No universo da gestão corporativa e dos recursos humanos, a segurança e a saúde do trabalho ocupam um papel estratégico. Entre as obrigações legais mais complexas e que geram mais dúvidas jurídicas e financeiras para as empresas estão os adicionais de insalubridade e periculosidade.
Muitas organizações, por falta de informação ou por ausência de uma assessoria especializada, acabam pagando esses adicionais de forma indevida ou, pior, deixam de pagá-los, expondo-se a passivos trabalhistas astronômicos.
Se você ainda tem dúvidas sobre qual a real diferença entre insalubridade e periculosidade, como cada uma impacta a folha de pagamento e de que forma os laudos técnicos corretos podem gerar uma redução de custos expressiva para o seu negócio, este artigo foi feito para você. A Itamedi Medicina Ocupacional preparou este artigo para esclarecer o tema de forma objetiva.
Boa leitura!
O que é Insalubridade?
A insalubridade está diretamente relacionada à saúde do trabalhador a longo prazo. O termo refere-se à exposição contínua ou intermitente a agentes nocivos que podem causar doenças ocupacionais ou danos gradativos ao organismo do profissional.
Essas atividades são regulamentadas pela Norma Regulamentadora nº 15 (NR-15) do Ministério do Trabalho e Emprego. A NR-15 define os limites de tolerância para cada tipo de agente e o tempo máximo de exposição permitido.
Principais Agentes Insalubres
Os riscos que caracterizam a insalubridade são divididos em três categorias:
- Agentes Físicos: Ruídos excessivos, calor ou frio intensos, vibrações, radiações ionizantes e não ionizantes, umidade e pressões hiperbáricas.
- Agentes Químicos: Poeiras minerais (como o amianto), solventes, gases, vapores e manuseio de substâncias tóxicas sem a devida proteção.
- Agentes Biológicos: Contato frequente com microrganismos, vírus, bactérias, sangue ou materiais infectantes (comum em hospitais, laboratórios e na coleta de lixo urbano).
Como funciona o Adicional de Insalubridade?
O cálculo do adicional de insalubridade varia de acordo com o grau de exposição do trabalhador aos agentes nocivos.
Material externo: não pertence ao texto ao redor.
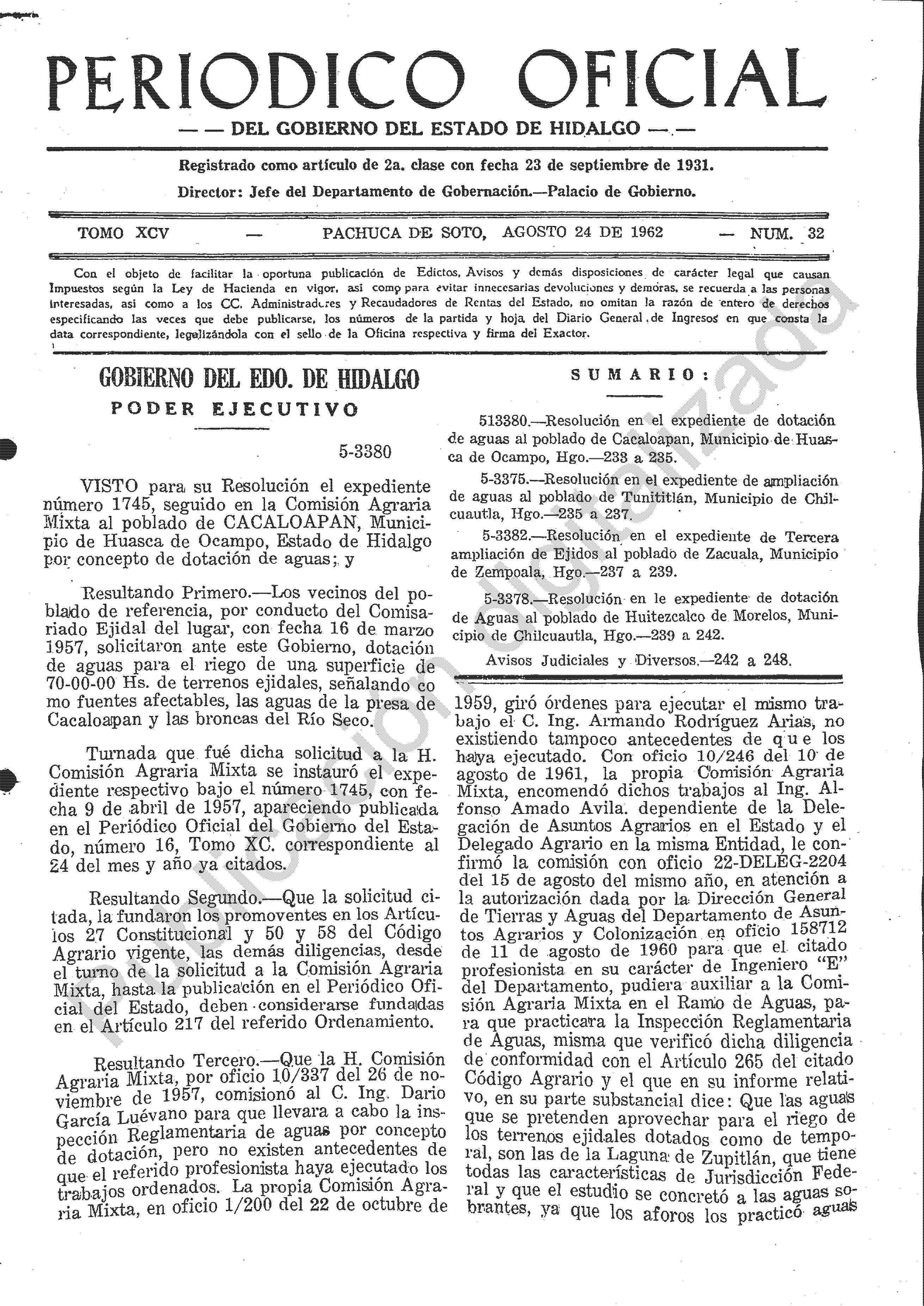 Descargar Periódico Oficial Ordinario 0 del 24 de agosto de 1962

Os percentuais são aplicados, via de regra, sobre o salário mínimo nacional vigente (salvo convenções coletivas que estipulem o salário-base):
- Grau Mínimo: 10%
- Grau Médio: 20%
- Grau Máximo: 40%
O que é Periculosidade?
Enquanto a insalubridade ataca a saúde de forma lenta, a periculosidade está ligada à vida e à integridade física imediata do trabalhador. A atividade periculosa é aquela que traz um risco iminente de fatalidade ou de acidentes graves a qualquer momento da jornada de trabalho.
As regras e atividades que geram o direito a esse adicional estão previstas na Norma Regulamentadora nº 16 (NR-16) e na Consolidação das Leis do Trabalho (CLT).
Principais Atividades Periculosas
De acordo com a legislação, dão direito ao adicional de periculosidade as atividades que envolvem:
- Explosivos e inflamáveis;
- Energia elétrica (alta tensão);
- Segurança pessoal ou patrimonial (risco de violência física);
- Uso de motocicleta no exercício profissional;
- Radiações ionizantes ou substâncias radioativas.
Como funciona o Adicional de Periculosidade?
Diferente da insalubridade, a periculosidade não possui gradações (mínimo, médio ou máximo). O risco existe ou não existe.
O percentual do adicional é fixo em 30%, aplicado obrigatoriamente sobre o salário-base do trabalhador, e não sobre o salário-mínimo. Isso significa que o impacto financeiro da periculosidade na folha de pagamento costuma ser consideravelmente maior.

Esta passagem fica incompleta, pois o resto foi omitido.